How hard is it to run an Associate Site?
CHI-in-a-Box takes advantage of our experience running Chameleon at several sites, with a diverse set of hardware and workloads, so that you don’t need to re-learn the same operational lessons.
Once operational, maintenance of the deployment primarily revolves around system upgrades and fixing occasional glitches. CHI-in-a-Box packaging includes operational tools called “Hammers” -- bots that fix the testbed automatically -- and they should cover most known issues.
You will also be able to take advantage of the built-in alerting infrastructure (using Prometheus, Alertmanager, Grafana, and Kibana) , which will make dealing with many other issues such as hardware or deployment failures easy. Every alert comes with an actionable runbook to help the operator triage and identify the root cause of the failure.
The tooling provides a HA-ready setup using HAProxy/keepalived for redundancy, for when uptime is a primary concern (requires multi-node deployment) and automated backups of important data (Glance images, MySQL databases), for a better night's rest.

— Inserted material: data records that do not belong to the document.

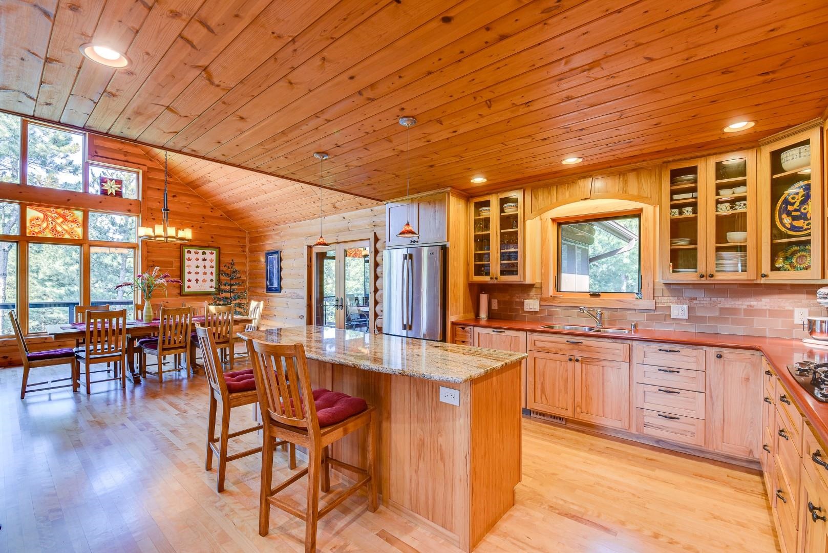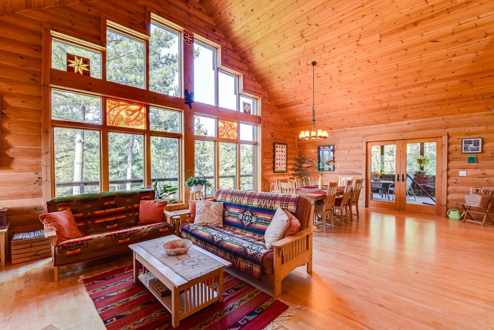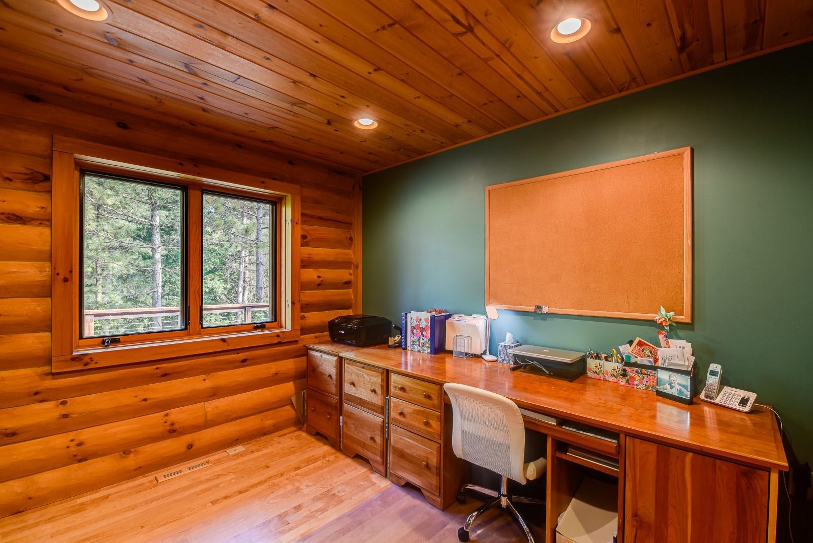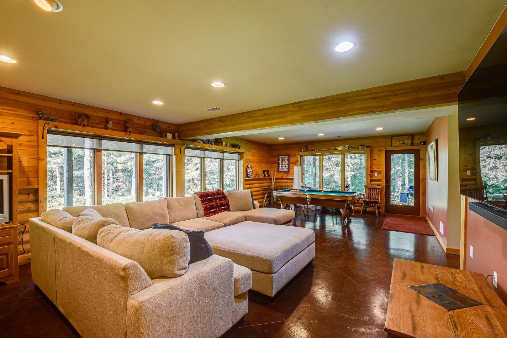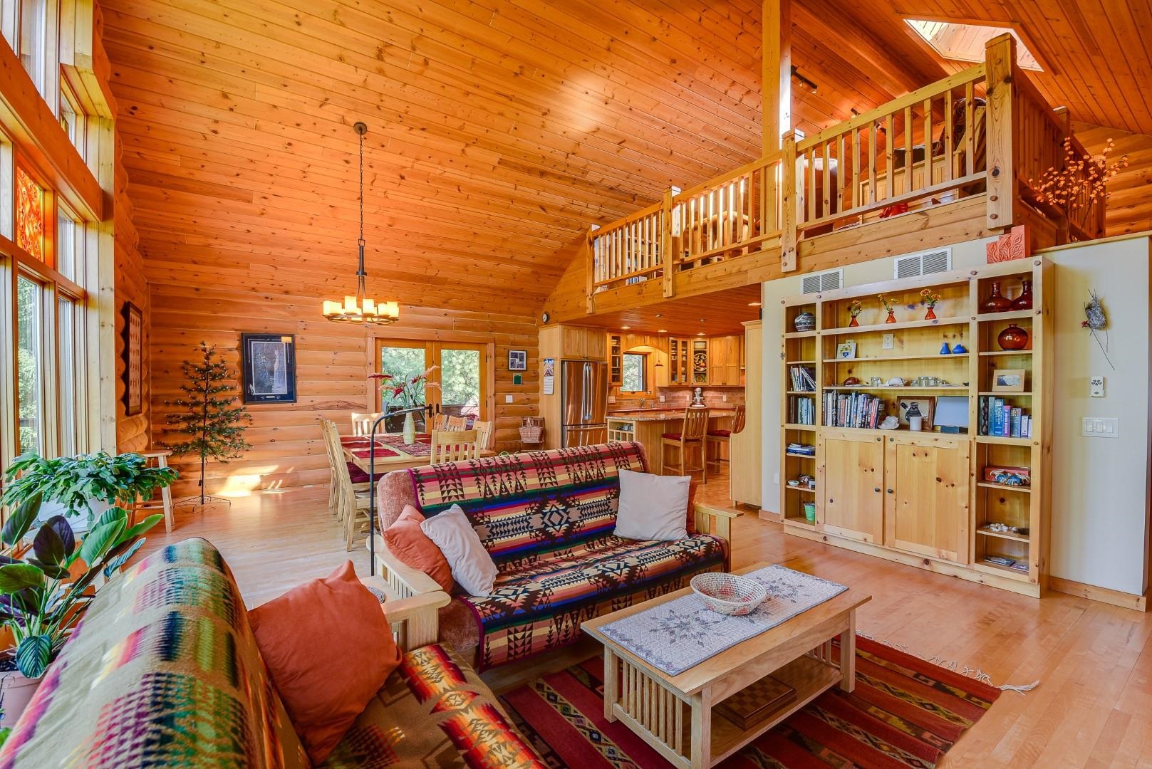 Your own private oasis! Stunning log home on just over 90 ac. Beautiful limestone wood burning fireplace on the main level, open floor plan w/ vaulted ceiling & large windows. Large kitchen w/high quality stainless, pantry & center island. Main level primary suite w/ 2 walk-in closets. Main level laundry. Great details built-in throughout including bookshelves & storage, desk in the office, closet systems, spice drawer in kitchen, epoxied garage, radiant floor heat in walkout level. Amazing 19x13 screened porch. 54 ac in MFL, 25 ac of tillable, over 5 ac of trails, rock outcroppings, creek, apple & pear trees, several well-maintained outbuildings including a great barn w/ metal roof. Excellent hunting and wildlife watching.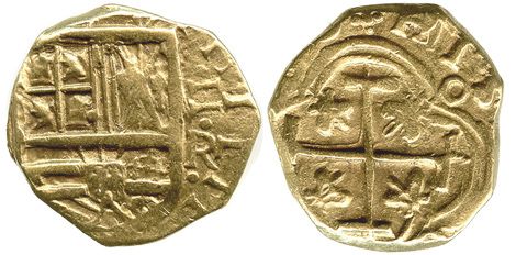 Bogota, Colombia, cob 2 escudos, (165)0R. S-B21; KM-4.1; CT-171. 6.7 grams. Lightly toned VF with full and bold but off-center shield, II-R to right (also king's name), full but off-center cross, bottom of last digit of date visible (the rest inferred by style).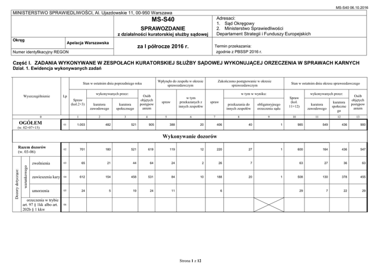 MS-S40 06.10.2016 MINISTERSTWO SPRAWIEDLIWOŚCI, Al. Ujazdowskie 11, 00-950 Warszawa Adresaci: 1. Sąd Okręgowy 2. Ministerstwo Sprawiedliwości Departament Strategii i Funduszy Europejskich MS-S40 SPRAWOZDANIE z działalności kuratorskiej służby sądowej Okręg Apelacja Warszawska za I półrocze 2016 r. Termin przekazania: zgodnie z PBSSP 2016 r. Numer identyfikacyjny REGON Część I. ZADANIA WYKONYWANE W ZESPOŁACH KURATORSKIEJ SŁUŻBY SĄDOWEJ WYKONUJĄCEJ ORZECZENIA W SPRAWACH KARNYCH Dział. 1. Ewidencja wykonywanych zadań Wpłynęło do zespołu w okresie sprawozdawczym Stan w ostatnim dniu poprzedniego roku Wyszczególnienie wykonywanych przez: Lp Spraw (kol.2+3) 0 OGÓŁEM 1 01 (w. 02+07+15) 1.003 kuratora zawodowego kuratora społecznego Osób objętych postępow aniem 2 3 4 482 521 905 Zakończono postępowanie w okresie sprawozdawczym Stan w ostatnim dniu okresu sprawozdawczego w tym w wyniku: spraw w tym przekazanych z innych zespołów spraw 5 6 7 388 20 406 wykonywanych przez: przekazania do innych zespołów obligatoryjnego orzeczenia sądu 8 9 Spraw (kol. 11+12) 10 kuratora zawodowego kuratora społeczne go 11 12 Osób objętych postępow aniem 13 40 1 985 549 436 900 1 600 164 436 547 63 27 36 63 508 130 378 455 29 7 22 29 Wykonywanie dozorów 02 701 180 521 619 119 12 220 27 zwolnienia 03 65 21 44 64 24 2 26 7 zawieszenia kary 04 612 154 458 531 84 10 188 20 umorzenia 05 24 5 19 24 11 orzeczenia w trybie art. 97 § 1kk albo art. 202b § 1 kkw 06 warunkowego Dozory dotyczące: Razem dozorów (w. 03-06) 6 Strona 1 z 12 1 MS-S40 06.10.2016 Część. I. (c.d.) Dział. 1. Ewidencja wykonywanych zadań (dok.) Wpłynęło do zespołu w okresie sprawozdawczym Stan w ostatnim dniu poprzedniego roku Wyszczególnienie Lp 0 w tym Formy kary ograniczenia wolności Razem ograniczenia wolności (w. 08+14) Kara ograniczenia wolności (w. 08<=w. od 09 do 11+13) kuratora zawodowego kuratora społecznego Osób objętych postępowa niem 2 3 4 wykonywanych przez: Spraw (kol.2+3) 1 Zakończono postępowanie w okresie sprawozdawczym w tym w wyniku: spraw w tym przekazanych z innych zespołów spraw przekazania do innych zespołów 5 6 7 8 Stan w ostatnim dniu okresu sprawozdawczego obligatoryjnego orzeczenia sądu Spraw (kol. 11+12) 9 10 kuratora zawodowego kuratora społeczne go Osób objętych postępowa niem 11 12 13 wykonywanych przez: 07 196 196 182 239 8 138 6 297 297 267 08 176 176 163 177 5 118 5 235 235 215 nieodpłatna kontrolowana praca na cele społeczne 09 175 175 162 175 5 117 5 233 233 213 kontrola miejsca pobytu z zastosowaniem s.d.e 10 13 1 1 1 2 2 2 2 14 20 20 19 62 62 62 52 obowiązki z art. 72 § 1 pkt 4-7a kk w tym (w. 11) kara orzeczona wyłącznie w formie obowiązków z art. 72 § 1 pkt 4-7a kk potrącenie z wynagrodzenia za pracę Praca społecznie użyteczna art. 45 kkw 11 12 1 3 20 1 Inne niż wymienione wyżej zadania kuratorów dla dorosłych Razem inne zadania (w. 16-21) Kontrola wykonania obowiązków przez skazanego w okresie próby bez dozoru Przygotowanie skazanego do zwolnienia z zakładu karnego Nadzory wykonywane na podstawie art. 181a § 2 kkw Wykonywanie kary pozbawienia wolności w s.d.e. Wykonywanie środków karnych w s.d.e Wykonywanie środków zabezpieczających w s.d.e. 15 106 106 104 30 48 7 88 88 86 16 90 90 88 16 32 7 74 74 72 16 16 16 14 16 14 14 14 17 18 19 20 21 Strona 2 z 12 MS-S40 06.10.2016 Część. I. (c.d.) Cz. I Dział 1.a Wykonywanie pracy społecznie użytecznej w karze ograniczenia wolności oraz orzeczonej na podstawie art. 45 kkw (Godziny pracy) Wyszczególnienie L.p. Liczba godzin pracy pozostałych do wykonania w ostatnim dniu poprzedniego roku Liczba godzin pracy, która wpłynęła do wykonania w okresie sprawozdawczym 1 2 0 Liczba zakończonych godzin pracy w okresie sprawozdawczym Na skutek faktycznego wykonania pracy Z innych przyczyn Razem 3 4 5 Liczba godzin pracy pozostałych do wykonania w ostatnim dniu okresu sprawozdawczego 6 Razem wykonywanie kary ograniczenia wolności (w. 01 = w. 02+03) 01 25.566,000 37.975,000 8.193,000 9.831,000 18.024,000 45.517,000 Kara ograniczenia wolności 02 24.089,000 33.501,000 7.253,000 9.098,000 16.351,000 41.239,000 Praca społecznie użyteczna art. 45 kkw 03 1.477,000 4.474,000 940,000 733,000 1.673,000 4.278,000 Dział 1.1. Liczba spraw zawieszonych w postępowaniu wykonawczym w ostatnim dniu okresu sprawozdawczego Czas trwania zawieszenia Sprawy wg wykazów L.p. 0 razem r. 2 do 8 do 3 mies. pow. 3 do 6 mies. pow. 6 do 12 mies. pow. 12 mies. do 2 lat pow. 2 do 3 lat pow. 3 do 5 lat pow. 5 lat 1 2 3 4 5 6 7 8 ogółem (w.01 = w.02 + 07) 01 4 2 1 kuratora zawodowego (razem w. od 03 do 06) 02 3 2 1 3 2 1 dotyczące warunkowego przedterminowego zwolnienia 03 dotyczące warunkowego zawieszenia wykonania kary 04 dotyczące warunkowego umorzenia postępowania 05 inne 06 1 w tym Doz kuratora społecznego (razem w. od 08 do 11) 07 dotyczące warunkowego przedterminowego zwolnienia 08 dotyczące warunkowego zawieszenia wykonania kary 09 dotyczące warunkowego umorzenia postępowania 10 inne 11 1 1 1 1 w tym O 12 Kkow 13 18 4 Strona 3 z 12 5 3 4 1 1 MS-S40 06.10.2016 Część. I. (c.d.) Dział. 2. Wnioski i upomnienia kuratorów zawodowych dla dorosłych oraz udział w posiedzeniach wykonawczych Dział. 2.1. Wnioski kuratorów zawodowych dla dorosłych Liczby Wyszczególnienie L.p. 0 Wnioski ogółem (w. 02 + 09 + 21 + 26 + 33 + 34) (w okresie sprawozdawczym) 1 2 3 221 148 razem (w.03+05+06+08) 02 8 7 5 o ustanowienie, rozszerzenie lub zmianę obowiązków w okresie próby (art. 163 § 2 kkw w zw. z art. 72 § 1 kk i w zw. z art. 173 § 2 pkt 5 kkw) 03 1 1 05 1 1 1 06 2 2 1 08 4 3 3 09 55 110 77 10 4 13 7 7 13 12 uczestnictwo w programie korekcyjno-edukacyjnym przebywania w określonych miejscach (art. 72 § 1 pkt 7 kk) powstrzyw tym o manie się od Wnioski dotyczące uwzględnione 168 warunkowego o zwolnienie od dozoru (art. 163 § 2 kkw w zw. z art. 173 § 2 pkt 5 zwolnienia kkw) o od

Since it integrates with Chameleon's existing user and allocation management system, it removes the need to operate your own user workflow, authentication, and authorization systems.
System upgrades are pushed out by the Chameleon team in the form of new releases to CHI-in-a-Box, which may come with new OpenStack service container images. The rollout of upgrades is automated, though requires a brief window of downtime (a conservative 2-4 hours is typical).
User support of resources contributed to Chameleon, as well as operations of shared services, such as Jupyter or creation and maintenance of images, are handled by the Chameleon team so all your operational effort is contained by operating the site and its resources.
I’m interested, now what?
For starters, read through the repository for more information. We’ve tried to address common use cases, but we’re always interested to learn about more. If you’re interested in a feature that’s not described, it may be in the works. Letting us know helps us prioritize which features to focus on next. This is especially true if you’re able to contribute development time.